Quando Li Shimin ascendeu ao trono como imperador Taizong, continuou a promover Li Junxian, nomeando-o comandante da Guarda Esquerda, general da Guarda Esquerda, governador de Lanzhou, general da Guarda das Portas Esquerdas, entre outros cargos, e concedendo-lhe o título de conde de Wulian. Dentro da corte, era responsável pela segurança do Portão Xuanwu; fora dela, acompanhava generais como Yuchi Gong e Duan Zhixuan em campanhas contra os turcos e Tuyuhun, acumulando ainda mais feitos. Li Shimin costumava dizer: “Com Junxian tão valente, que inimigo poderá nos ameaçar?”

Contudo, seu destino foi trágico.

No final do reinado de Li Shimin, corria um oráculo popular: “Após três gerações dos Tang, uma mulher chamada Wu tomará o império”. O aparecimento da estrela Taibai durante o dia foi interpretado pelos astrólogos como presságio do surgimento de uma imperatriz e da queda da família Li. Alarmado, o imperador passou a desconfiar de todos os nomes, cargos e lugares que traziam o caractere “Wu”.

Inicialmente, Li Shimin não suspeitava de Li Junxian. No entanto, durante um banquete, pediu que todos revelassem seus apelidos de infância para animar o ambiente. Quando chegou a sua vez, Li Junxian, meio constrangido, confessou que, por sua aparência delicada, fora chamado na infância de “Quinta Donzela”. Li Shimin riu, mas logo após, ligou o nome do general ao fatídico oráculo: sua terra natal (Wu’an), seu cargo (general da Guarda Wu), seu título (conde de Wulian), seu apelido (Quinta Donzela), e seu posto (Portão Xuanwu) — cinco referências ao nome “Wu”. A coincidência o fez suspeitar que a profecia se referia a Li Junxian.

Tomado pela paranoia, Li Shimin rebaixou Li Junxian a governador de Huazhou, e logo depois o incriminou falsamente por conspirar com feiticeiros. Sob tortura, Li Junxian foi forçado a confessar e condenado à morte, tendo seus bens confiscados e sua família executada, no ano 648, apenas um ano antes da morte de Li Shimin.
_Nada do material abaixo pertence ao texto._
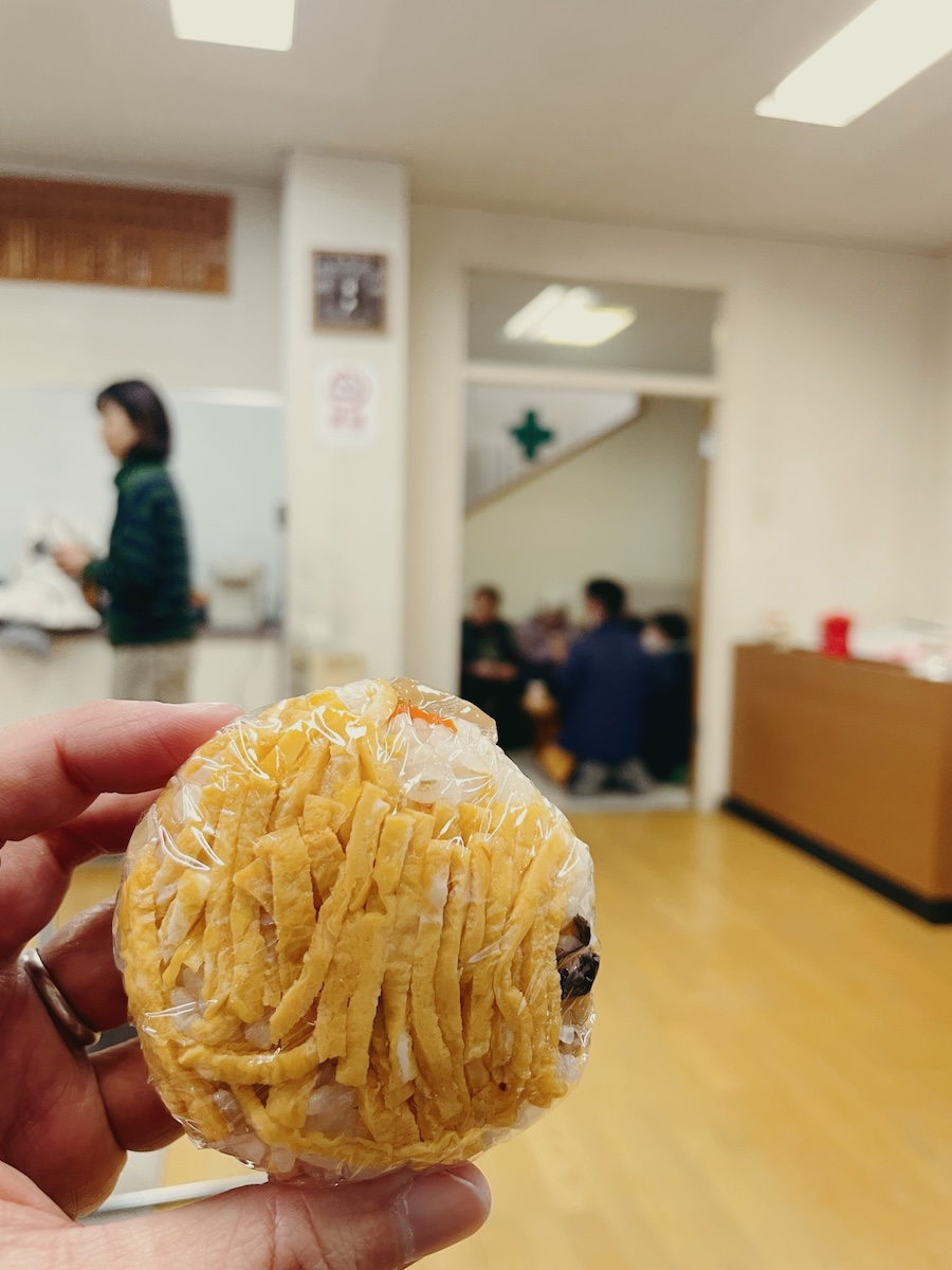 演奏後は、地元のお母さんたちに、おにぎりやお茶でおもてなしいただきました。おにぎり、美味しかったです。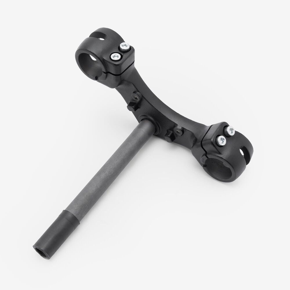 The bottom yoke, also known as the lower triple clamp, is a crucial component in a motorcycle's front suspension system. It connects the two fork tubes and secures them to the steering stem, providing stability and alignment for proper steering and handling. Typically made from durable materials like aluminum or steel, the bottom yoke ensures rigidity and strength while supporting the front end of the motorcycle.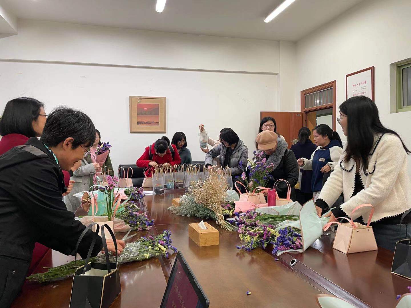 本次活动旨在借花香亲近自然芬芳,睹花颜忘却繁忙琐碎,学花艺陶冶心境情操。是构建幸福学院,陶冶教师情操,提高审美情趣的重要举措,有助于进一步提高女教职工的学院归属感。
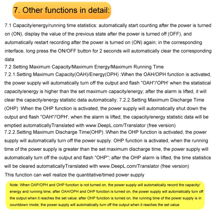 10. Super energy protection: 0-9999WH adjustable, default off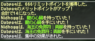 まずDabの3000pを使って甘茶(ニーズヘッグのトリガーアイテム)を得て、ニーズヘッグと戦闘。このためにDabはシーフを99にした。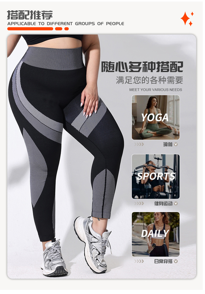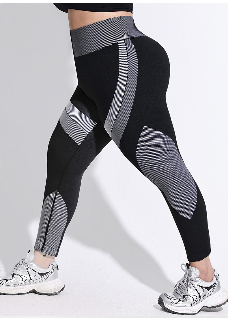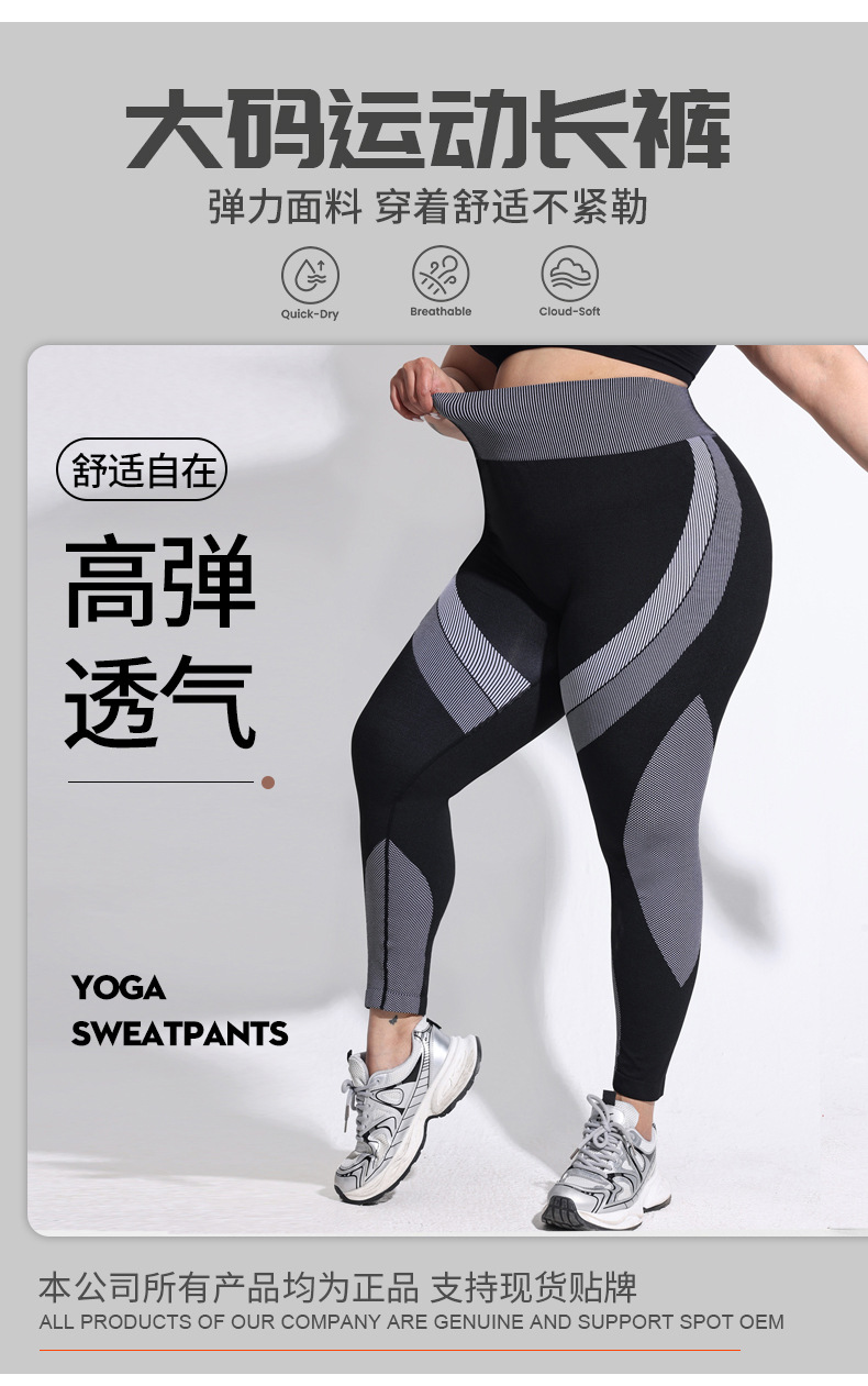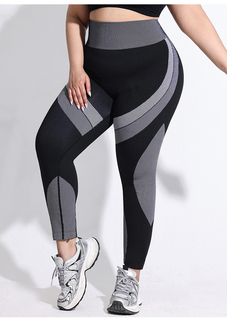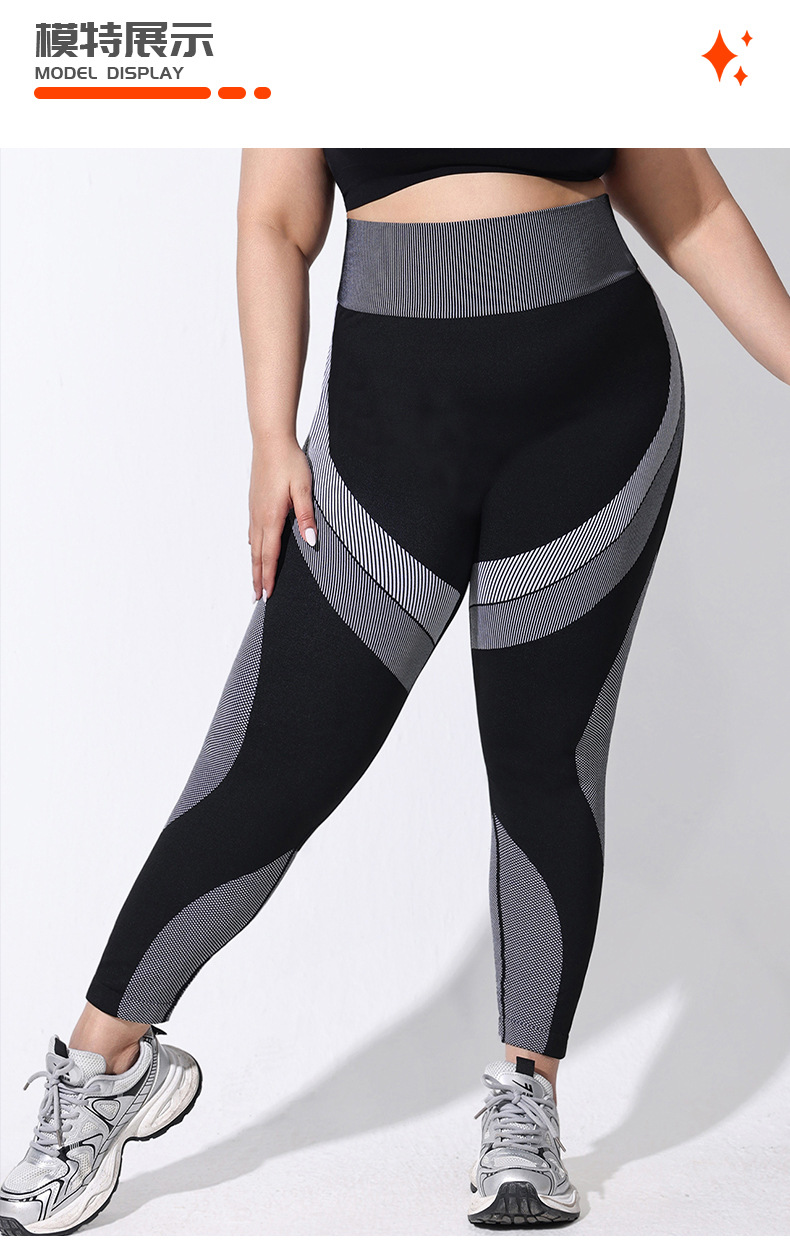 2025 tallas grandes pantalones de yoga de color de contraste transpirables de cintura alta para mujer pantalones de fondo deportivo a rayas largos sin costuras con cadera ajustada

Para a surpresa de Li Shimin, a profecia “após três gerações dos Tang, uma mulher Wu tomará o império” cumpriu-se não com Li Junxian, mas com Wu Zetian, que usurpou o trono, quase exterminando a família Li. Portanto, o verdadeiro alvo deveria ter sido Wu Zetian — Li Junxian foi injustamente sacrificado em seu lugar.

Nesta vida, contudo, com Li Zhan presente, será que Li Junxian será novamente vítima de um destino tão cruel? E Wu Zetian ainda conseguirá tornar-se imperatriz?